Eyes Above The Waves

Robert O'Callahan. Christian. Repatriate Kiwi. Hacker.

Wednesday 1 April 2015

Reverse Execution And Signals

gdb's reverse execution interface interacts with signals in counter-intuitive ways. If you're using rr and gdb reverse execution to debug situations involving signals, e.g. a SIGSEGV, read on...

Consider the following program test.c:

int main(int argc, char **argv) {
  __asm__ __volatile__("jmp 0x42");
}

We can debug this with rr as follows:

[roc@eternity test]$ rr ./test
rr: Saving the execution of `/home/roc/tmp/test' to trace directory `/home/roc/.rr/test-6'.
[rr.170] Warning: task 14677 (process 14677) dying from fatal signal SIGSEGV.
[roc@eternity test]$ rr replay
GNU gdb (GDB) 7.9
...
0x00002aaaaaaaf6f6 in _dl_start () from /lib64/ld-linux-x86-64.so.2
(gdb) cont
Continuing.
Program received signal SIGSEGV, Segmentation fault.
0x0000000000000042 in ?? ()
(gdb) where
#0  0x0000000000000042 in ?? ()
#1  0x0000000000000000 in ?? ()

At this point you get that awful sinking feeling... But wait!

(gdb) reverse-stepi
Program received signal SIGSEGV, Segmentation fault.
0x0000000000000042 in ?? ()
(gdb) reverse-stepi
main (argc=1, argv=0x7fffffffdf38) at /home/roc/tmp/test.c:28
28   __asm__ __volatile__("jmp 0x42");

Hurrah!

The obvious questions are: why did we have to reverse-stepi twice to get back to the jmp, and why did the first reverse-stepi trigger SIGSEGV again?

If you singlestep forwards through the program using gdb normally, starting at the jmp instruction, you actually see two separate events:

(gdb) run
Starting program: /home/roc/tmp/test 
Breakpoint 1, main (argc=1, argv=0x7fffffffdfd8) at /home/roc/tmp/test.c:28
28   __asm__ __volatile__("jmp 0x42");
(gdb) stepi
0x0000000000000042 in ?? ()
(gdb) stepi
Program received signal SIGSEGV, Segmentation fault.
0x0000000000000042 in ?? ()
What's happening is that the first stepi runs the jmp and arrives at the invalid location. The second stepi tries to run the instruction at that location and triggers SIGSEGV instead. Now, in the original session we first ran all the way past the SIGSEGV. Then our first reverse-stepi makes us reverse-execute one step: in this case, we reverse-execute the triggering of the SIGSEGV. (In gdb, reverse-executing the triggering of a signal prints the signal just as forward-executing does.) The next reverse-stepi reverse-executes the actual jump.

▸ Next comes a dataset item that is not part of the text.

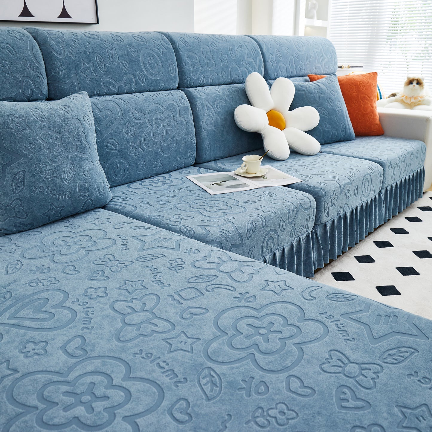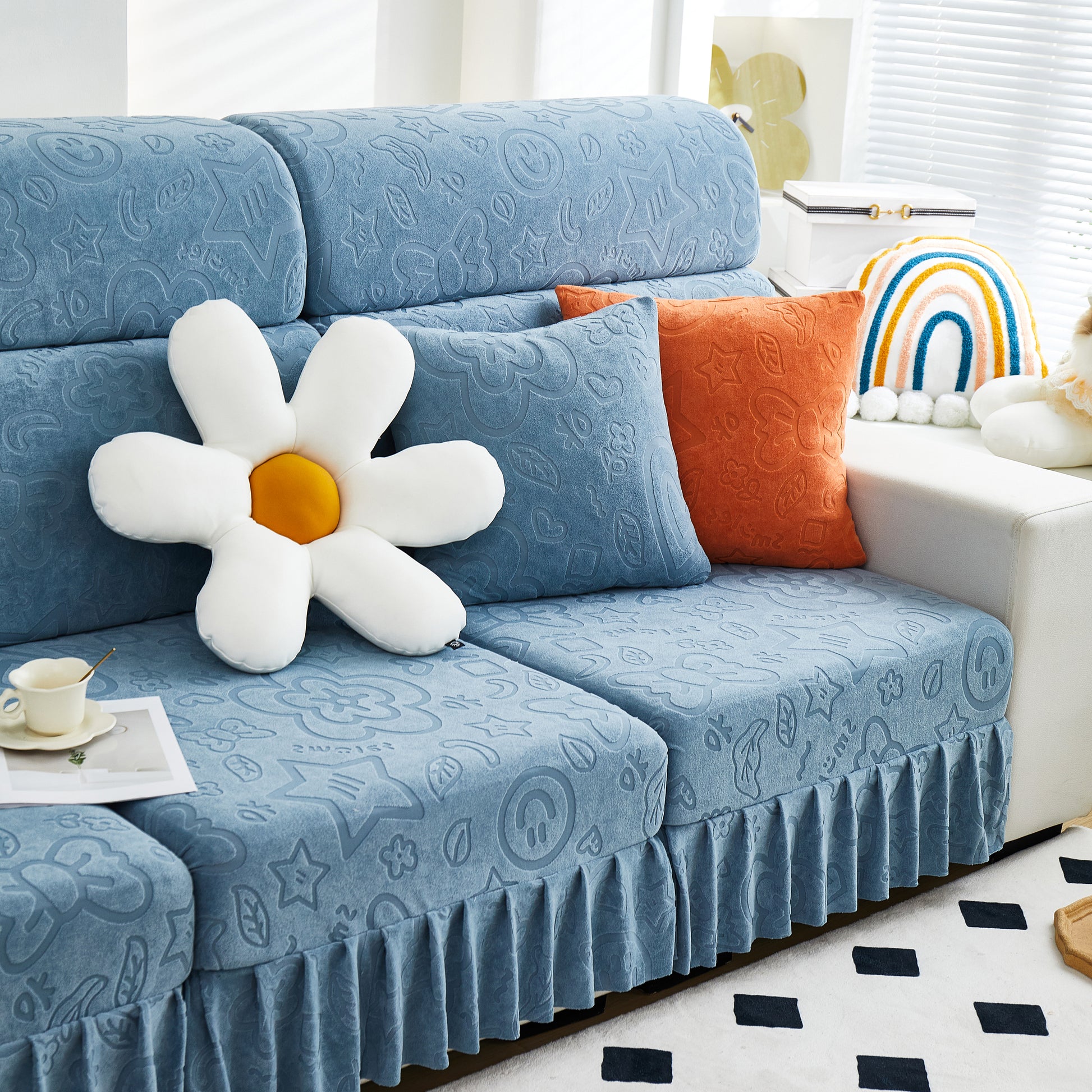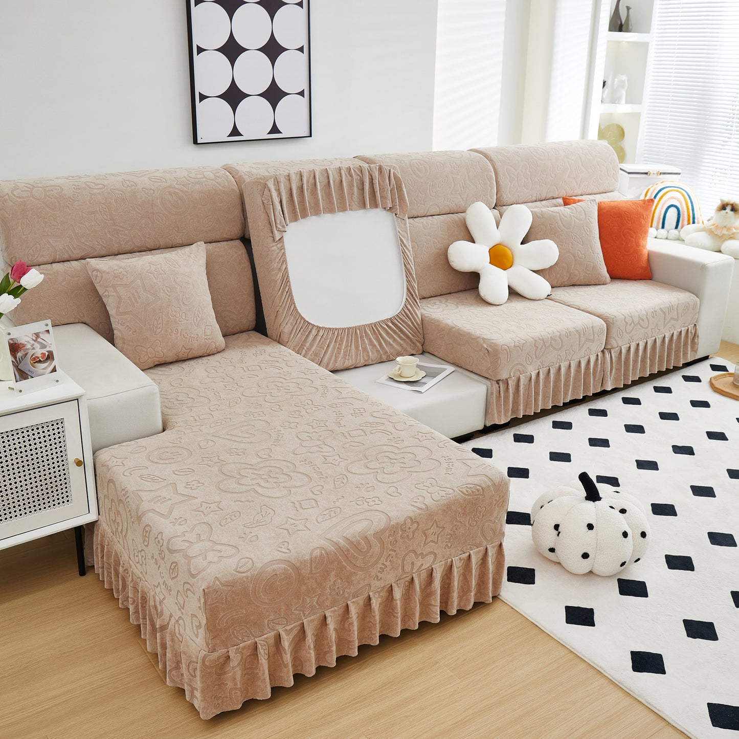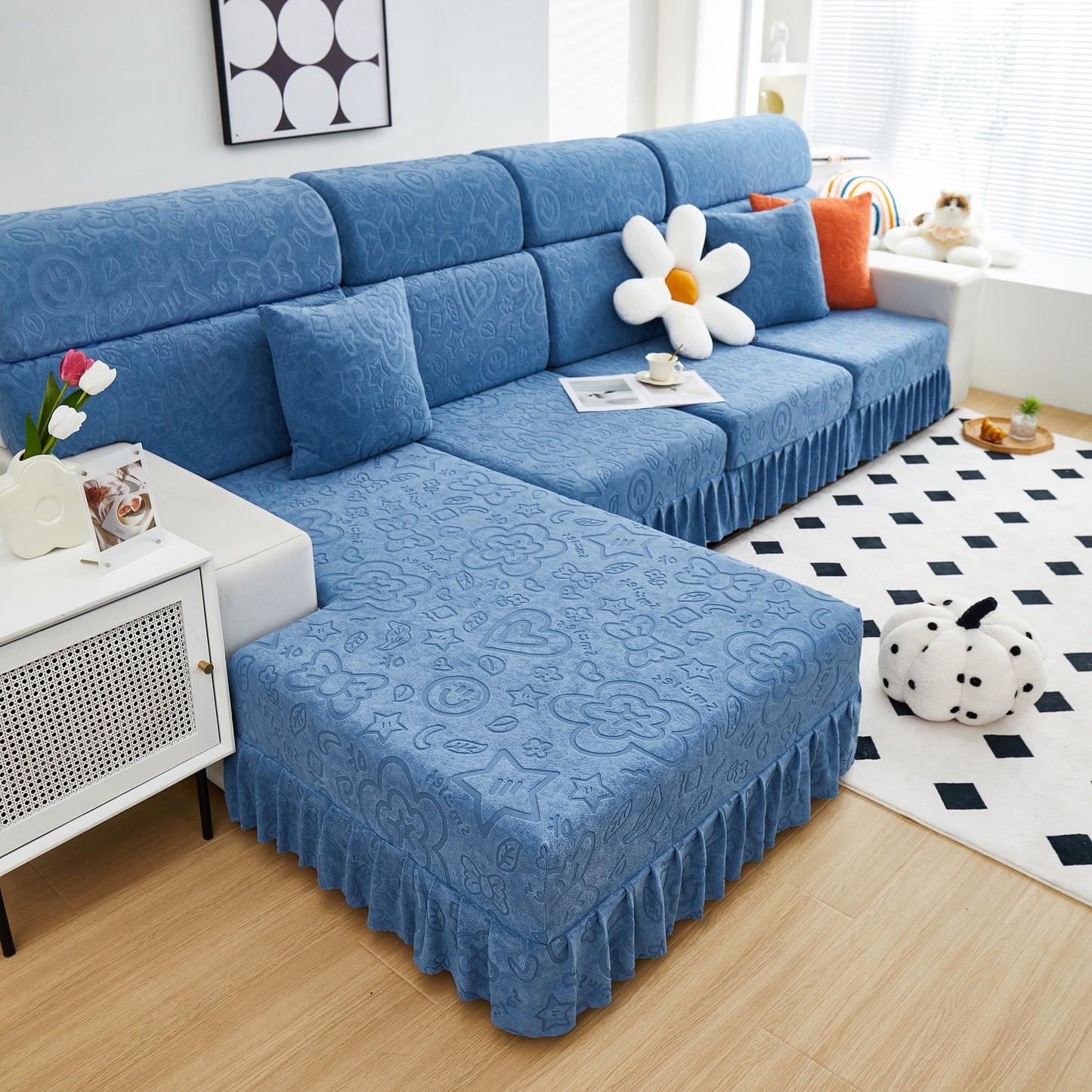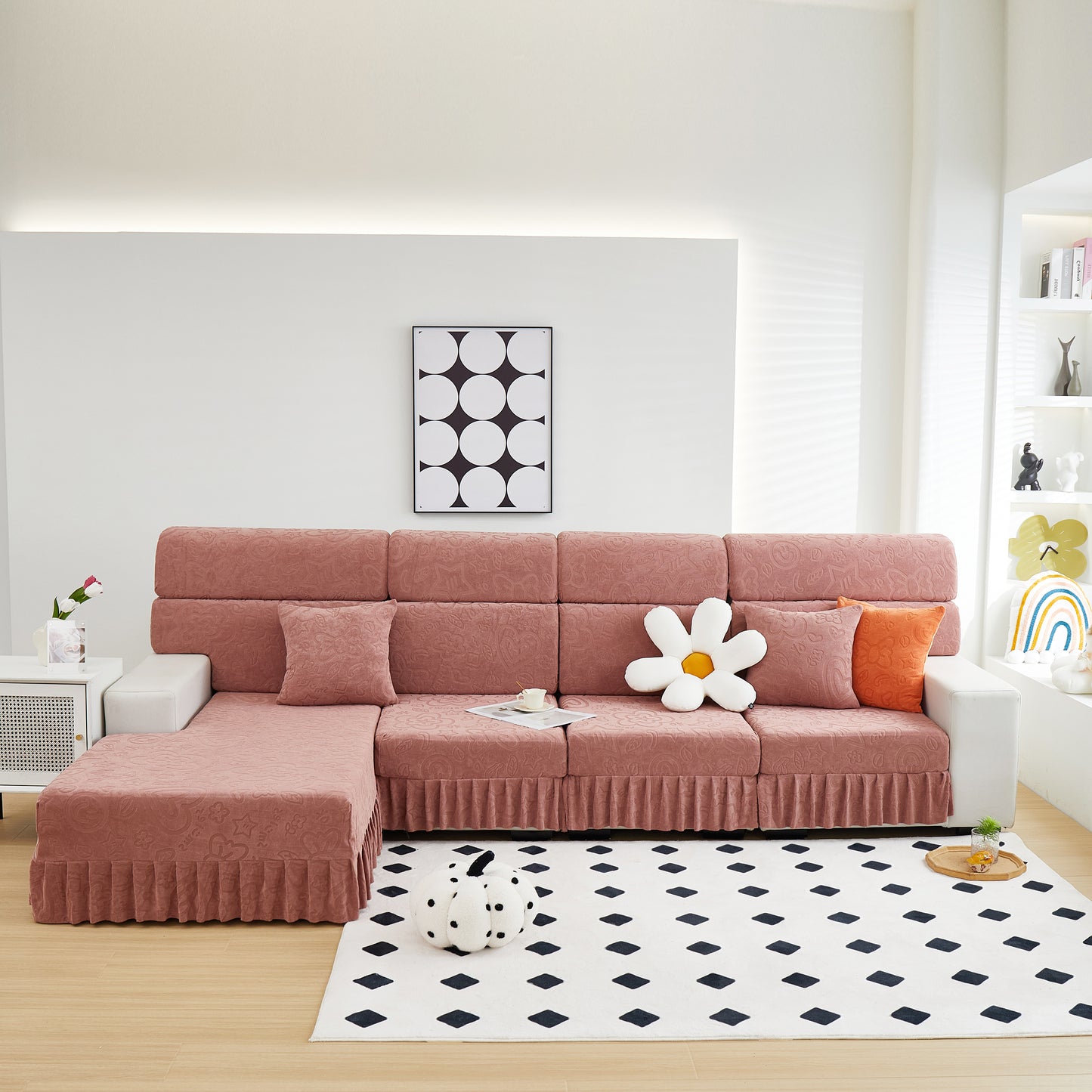 Elastic Skirted Couch Cushion Covers for 1/2/3/4-Seater Sofas, Furniture Protector for Pets, Kids

It feels a little weird, though it makes some amount of sense. It's even weirder when you reverse-singlestep through the execution of a signal handler, but it still all makes sense. I've been pleasantly surprised by gdb's robustness at handling that sort of thing. I've been unpleasantly unsurprised by the number of rr bugs I've had to iron out to make this work properly at scale for Gecko debugging!